The Man Who Loved Mars
- Cover of first edition
- Author: Lin Carter
- Cover artist: Paul Lehr
- Language: English
- Series: The Mysteries of Mars
- Genre: Science fantasy
- Publisher: Fawcett Gold Medal
- Publication date: 1973
- Publication place: United States
- Media type: Print (Paperback)
- Pages: 157
- OCLC: 872633717
- Dewey Decimal: 813.54 23
- LC Class: PS3553 .A7823
- Preceded by: Down to a Sunless Sea

= The Man Who Loved Mars =

1973 novel by Lin Carter

The Man Who Loved Mars is a science fantasy novel by American writer Lin Carter, the first in his Edgar Rice Burroughs- and Leigh Brackett-inspired series The Mysteries of Mars. It was first published in paperback by Fawcett Gold Medal in March 1973. The first British edition was published in hardcover by White Lion in August of the same year. It was reissued by Wildside Press in December 1999. The novel has also been translated into German.

In writing the series, Carter deliberately depicted a Mars very different from that shown in increasingly detailed scientific research of Mars during the 20th Century; specifically, that scientists doubt that any kind of life can be found there. This makes the series more of a fantasy than a science fiction.

==Plot summary==
Mars, a world with a culture ages older than that of Earth, is a dying world, and has been in decline for eons. By the twenty-second century it has become a colony of the younger civilization of Earth, its natives oppressed by the rapacious Colonial Authority. Some of the newcomers are sympathetic to the natives, however, notably Ivo Tengren, who befriended the last of the titular high kings of Mars before the latter's demise. Inheriting from him both the crown and the responsibility to champion its people, Ivo led a doomed revolt against the CA, only to see it crushed and his Martian lover murdered. He himself has been deported back to Earth for his temerity and forbidden ever to return to Mars.

In exile, Tengren spends his days idly in drink and dreams until one Dr. Josip Keresny approaches him. Keresny plans an expedition to locate the lost Martian city of Ilionis, legendary "Gateway to the Gods," and offers Ivo illicit passage back to the Red Planet in return for serving as guide and placating the Martians. Hopeless and passive, Ivo is not the man he once was; nonetheless, he leaps at the chance.

The expedition proceeds, though tensions arise as Tengren develops an attraction to Keresny's granddaughter Ilsa and a hostile rivalry with pilot Konstantin Bolgov. The party also faces hostility from the Martians, who tolerate it only on account of their "king," even as they retain suspicions of him due to the debacle he led them through and his status as an Earthman.
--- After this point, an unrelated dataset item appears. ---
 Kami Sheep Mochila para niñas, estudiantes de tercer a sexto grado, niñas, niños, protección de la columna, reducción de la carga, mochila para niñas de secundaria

Eventually Ilionis is found. It indeed proves a gateway, to a vast system of caverns and relics of an alien technology older than anything remembered by the Martians.
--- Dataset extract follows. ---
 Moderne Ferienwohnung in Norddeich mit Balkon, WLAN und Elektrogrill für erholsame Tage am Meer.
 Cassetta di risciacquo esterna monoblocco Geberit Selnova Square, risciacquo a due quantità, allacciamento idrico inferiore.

Ultimately the cave system leads the explorers to the resting place of the Timeless Ones, a trio of alien survivors of the destroyed planet whose remains are now the asteroid belt. Awakened, they reveal themselves as the beings who guided the ancestors of both Martians and Earthlings on the path to sentience.

Bolgov, secretly an agent of the CA, attempts to destroy the aliens lest they free the Martians, but is thwarted. The Timeless Ones then pronounce sentence on the ruling Earthlings; for their crimes, all must leave Mars. Their vast mental powers give them the means to enforce this edict. The detached Tengren is satisfied with the outcome until he realizes the sentence includes him, at which point he belatedly speaks up for the more benignly inclined humans. The Timeless Ones grant the exception, giving him and Ilsa the right to remain and help rebuild Martian society.

==Chronology==
This story was the first published in the series, preceding The Valley Where Time Stood Still, but in terms of events it comes last, following Down to a Sunless Sea.

==Reception==
Lester Del Rey writes "This is by all odds the best showcase of Carter's writing I have seen. For this type of story, his people move naturally. The color he evolves for his world is traditional, but he has made it very much his own. And the book hangs together. It's Carter's best to date, in my opinion, and I heartily recommend it."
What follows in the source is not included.